Apolitical brings a sliver of good news in these strange times: the digital gender gap is shrinking. Research indicates that in low-to-middle-income countries, women are 20% less likely to use mobile internet than their male peers. Three years ago, this number was still at 27%. This progress is caused mainly by significant improvements in South-East-Asia. But the difference is still staggering. “Three hundred million fewer women than men in low-and middle-income countries have access to mobile internet. This is roughly the equivalent of the entire population of the United States.”

Besides, this pandemic has made the role of the internet even more crucial. More than ever, access to the web has become a basic necessity. It’s the “life line” that keeps us connected to the world around us. The crisis deepens the digital gender divide and negatively impacts the education of girls in the most vulnerable communities. A must-read for every digital citizen.
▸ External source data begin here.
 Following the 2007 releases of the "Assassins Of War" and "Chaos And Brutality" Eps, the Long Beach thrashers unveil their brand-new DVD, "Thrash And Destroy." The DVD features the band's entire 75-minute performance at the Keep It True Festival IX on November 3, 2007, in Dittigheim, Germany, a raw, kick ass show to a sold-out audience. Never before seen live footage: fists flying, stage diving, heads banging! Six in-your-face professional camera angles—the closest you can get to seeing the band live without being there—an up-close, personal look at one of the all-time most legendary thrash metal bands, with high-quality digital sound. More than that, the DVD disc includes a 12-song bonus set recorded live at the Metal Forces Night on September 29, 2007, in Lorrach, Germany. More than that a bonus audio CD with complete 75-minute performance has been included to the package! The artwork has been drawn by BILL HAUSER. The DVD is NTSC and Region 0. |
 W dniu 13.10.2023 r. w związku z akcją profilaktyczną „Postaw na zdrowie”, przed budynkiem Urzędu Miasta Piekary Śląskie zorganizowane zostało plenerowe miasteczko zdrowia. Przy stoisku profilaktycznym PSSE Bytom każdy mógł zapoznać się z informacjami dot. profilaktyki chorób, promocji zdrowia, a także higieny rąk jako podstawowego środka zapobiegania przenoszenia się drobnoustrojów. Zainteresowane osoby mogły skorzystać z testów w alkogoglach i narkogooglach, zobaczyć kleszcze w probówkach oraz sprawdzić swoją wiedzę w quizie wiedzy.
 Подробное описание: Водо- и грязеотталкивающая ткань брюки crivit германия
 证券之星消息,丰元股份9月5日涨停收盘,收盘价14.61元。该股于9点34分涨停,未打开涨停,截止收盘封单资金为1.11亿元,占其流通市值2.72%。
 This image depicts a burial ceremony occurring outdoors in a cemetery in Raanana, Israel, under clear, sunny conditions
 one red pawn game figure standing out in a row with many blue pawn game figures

4. “The Music Cities Resilience Handbookby Sound Diplomacy

Music is a universal language, and a vibrant music scene makes for happy, creative and culturally rich communities. In times of crisis, it’s exactly where we look for comfort. “Music, arts and culture are vital tools to inspire people, retain community spirit and enhance well‐being. From Italians and Spaniards singing on balconies in solidarity, to the growth of online choirs, to virtual symphonies of music, arts and culture is increasingly important for mental health.” Still, these are trying times for musicians and other creatives. With the cultural sector being hit harder than most in this pandemic, it’s time to think about reparations.

This free handbook is developed specifically to rethink the place of music and the arts in our communities, and to include musicians in the post-crisis recovery plans. A must-read for everyone who enjoys music — and let’s be honest, who doesn’t? Download the free guide here.
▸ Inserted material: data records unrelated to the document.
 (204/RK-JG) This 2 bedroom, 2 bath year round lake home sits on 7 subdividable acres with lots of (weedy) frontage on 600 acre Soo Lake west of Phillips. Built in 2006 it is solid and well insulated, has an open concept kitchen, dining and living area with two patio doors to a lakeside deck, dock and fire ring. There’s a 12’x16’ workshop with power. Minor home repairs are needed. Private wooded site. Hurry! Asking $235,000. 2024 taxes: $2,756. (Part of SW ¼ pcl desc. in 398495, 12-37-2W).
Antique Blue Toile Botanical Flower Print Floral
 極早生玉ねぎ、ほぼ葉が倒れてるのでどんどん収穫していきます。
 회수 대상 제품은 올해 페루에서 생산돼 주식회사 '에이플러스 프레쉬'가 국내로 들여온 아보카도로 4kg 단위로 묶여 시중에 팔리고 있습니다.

5. “Naomi Klein: How big tech plans to profit from the pandemic by The Guardian

In this opinion piece, Naomi Klein (political analyst and author of ‘The Shock Doctrine’) describes the (even) dark(er) side of the pandemic. While thousands across the world are still succumbing to the virus every day, big tech firms seem to have found a way to turn the situation around — for their own profit. As Klein states, “Far more hi-tech than anything we have seen during previous disasters, the future that is being rushed into being as the bodies still pile up treats our past weeks of physical isolation not as a painful necessity to save lives, but as a living laboratory for a permanent – and highly profitable – no-touch future.”
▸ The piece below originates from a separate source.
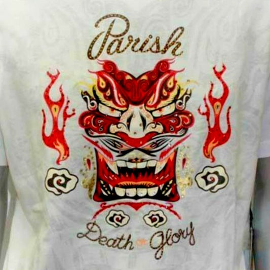 Men's Parish White | Orange "Death or Glory" Short Sleeve Tee Shirt NWT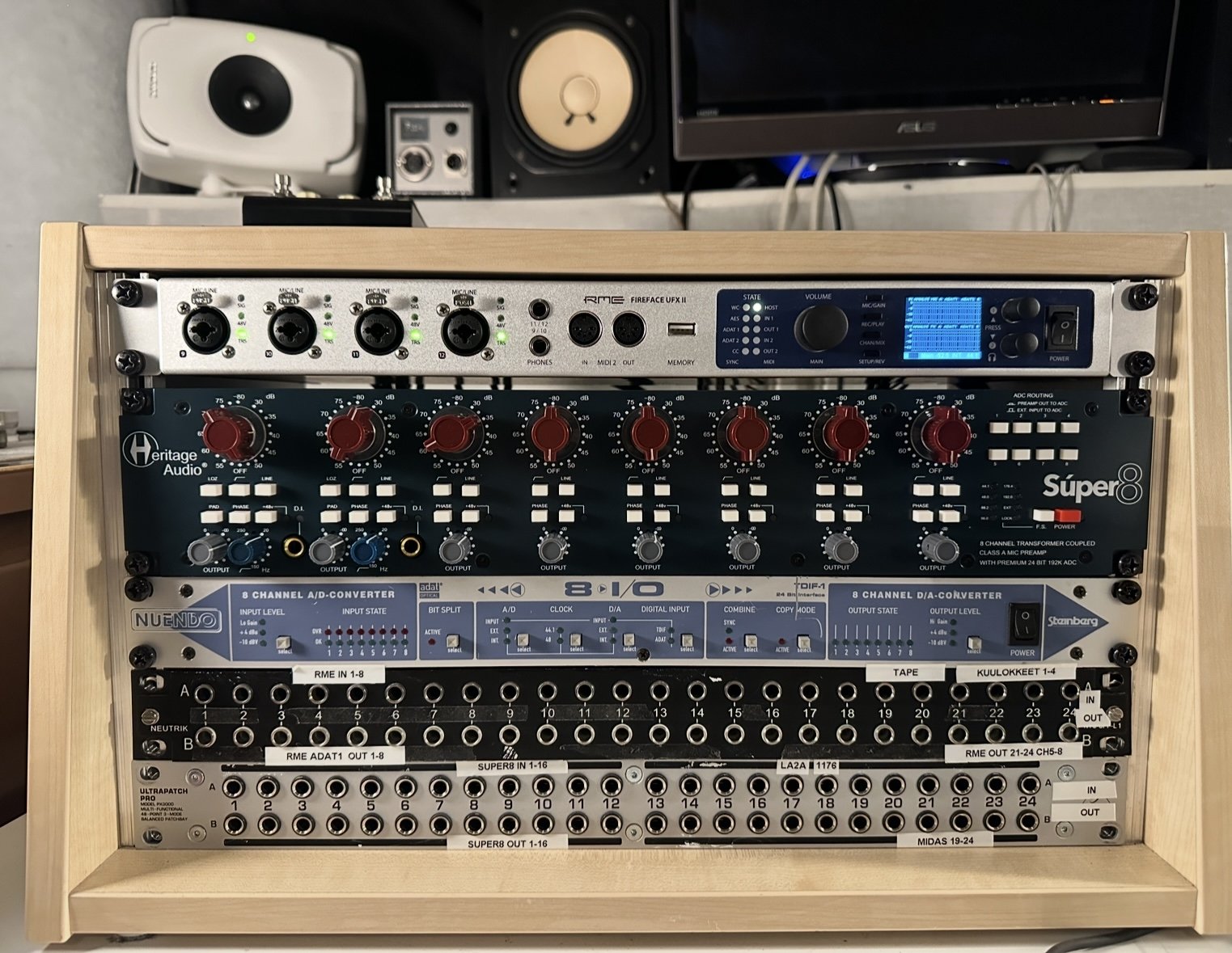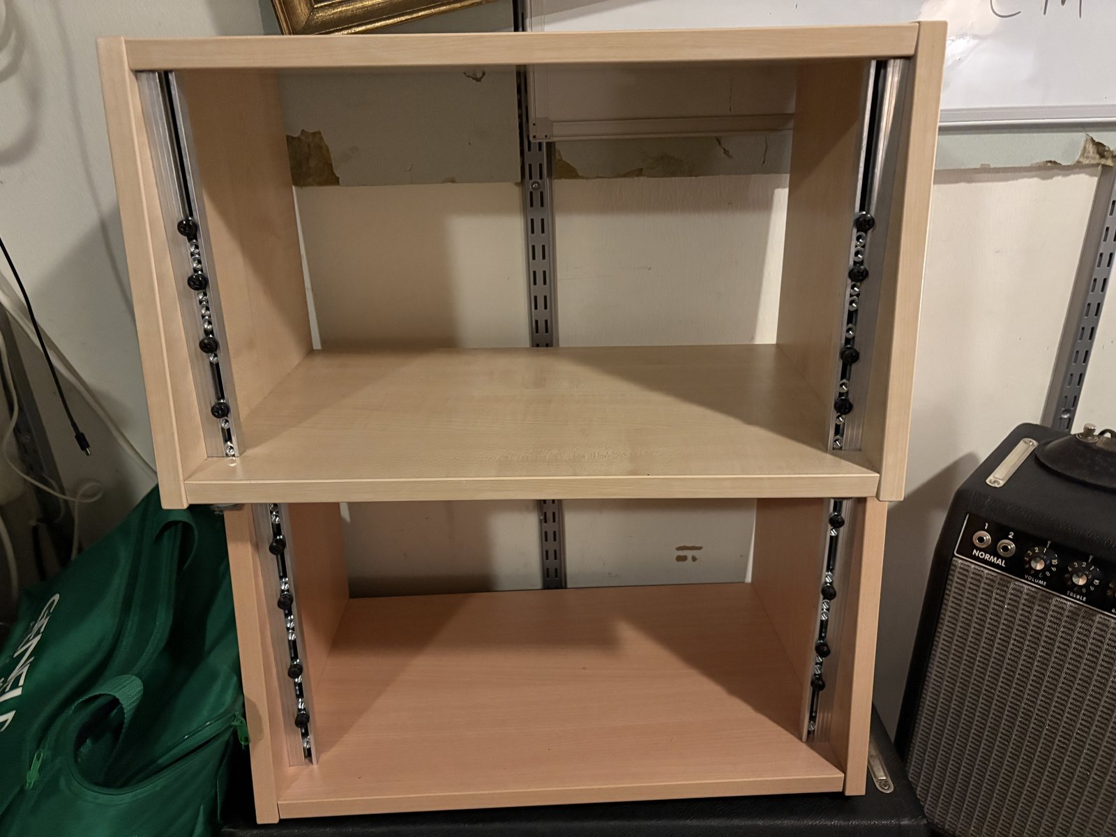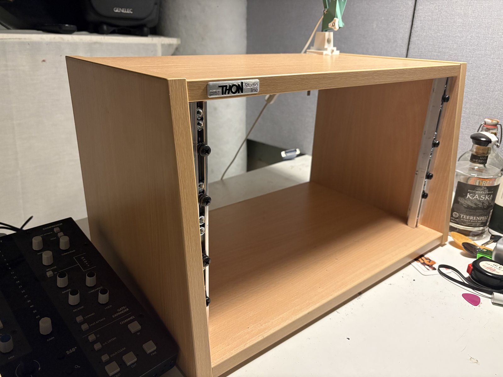 | 2kpl Thon Studio desktop rack 6U pöytäräkkiä joilla saat normaalista pöydästä tehtyä studiopöydän. Toinen on hieman vanhempaa mallia joten värisävy on hieman eri. https://www.thomann.de/fi/thon_studio_desktop_rack_6u_beech.htm Hinta: 180 € | |

Klein’s long-read dives deeper into a future scenario that shows technology not as a benefit to society, but as a controlling and all-powerful entity that is not subjected to critical questions or democratic principles. A must-read for, well, everyone.

6. How to run the world remotely” by Vox

As many of us are working remotely, the coronavirus pandemic has drastically changed the way our governments operate on a day-to-day basis. Nations, states and diplomats across the world have moved their processes and workflows to the digital sphere. Even the US Supreme Court, an institution that isn’t exactly known for its swift adjustment to change, has taken the first steps to work online.

This shift comes with a few technical glitches — “the [Canadian] health minister started speaking while on mute, (…) and there was an awkward moment when someone — not on mute this time — laughed while another MP was giving a tribute to Canadians who’d lost their lives in the pandemic” — but it’s showing governments across the world that there are new possibilities to collaborate. Will this permanently change the nature of government? Maybe, a little. According to this article, Zoom governments might just be here to stay. A must-read for everyone who has had a Zoom meeting in the past week.